Loading content...
If the structural component of a data model provides the nouns—tables, documents, nodes, attributes—then the operational component provides the verbs: the actions we can perform on data. What can we retrieve? How can we modify? What transformations are possible? These questions define the operational aspect of every data model.
The operational component is where the database becomes useful. Structure alone is just organization; operations are what enable databases to answer questions, support applications, and power business processes. A beautifully structured database that cannot be efficiently queried is useless.
Moreover, the operational capabilities of a data model profoundly influence how we think about problems. The operations available shape the solutions we can imagine. An engineer fluent in SQL thinks differently about data problems than one fluent in graph traversals or MapReduce. Understanding operations across multiple models expands your problem-solving repertoire.

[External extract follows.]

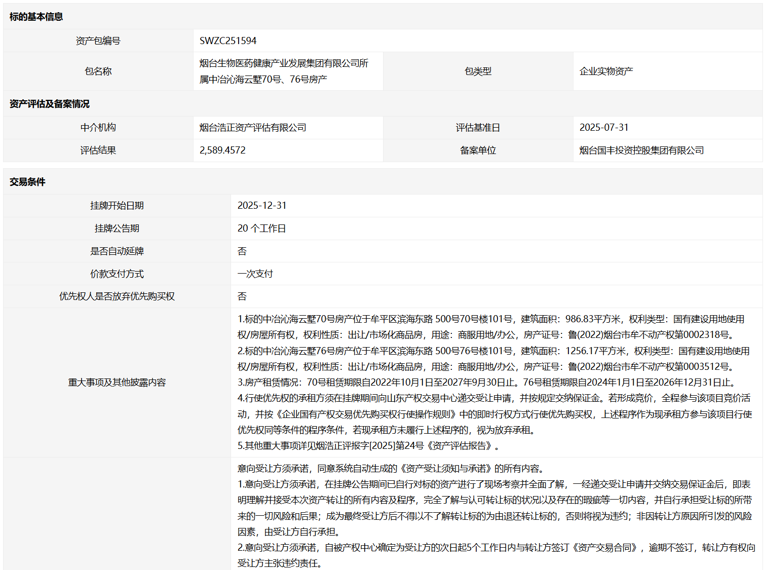 煙臺生物醫(yī)藥健康產(chǎn)業(yè)發(fā)展集團有限公司所屬中冶沁海云墅70號、76號房產(chǎn)

By the end of this page, you will understand the operational component of data models, including CRUD operations, query languages, the distinction between procedural and declarative approaches, and how different models enable different operational patterns. You'll appreciate why query language design is a critical aspect of any data model.
Every data model must define operations for fundamental data manipulation tasks. While the specific syntax and semantics vary, all models address the same core operation categories—often summarized by the acronym CRUD:
Create (Insert): Adding new data to the database. This includes specifying what data to add and where it belongs in the structure.
Read (Query/Select): Retrieving data based on specified criteria. This is typically the most complex operation category, encompassing simple lookups, complex searches, aggregations, and multi-object correlations.
Update (Modify): Changing existing data. Updates must identify what to change, specify the new values, and maintain structural integrity.
Delete (Remove): Eliminating data from the database. Deletion must handle dependent data and maintain referential integrity.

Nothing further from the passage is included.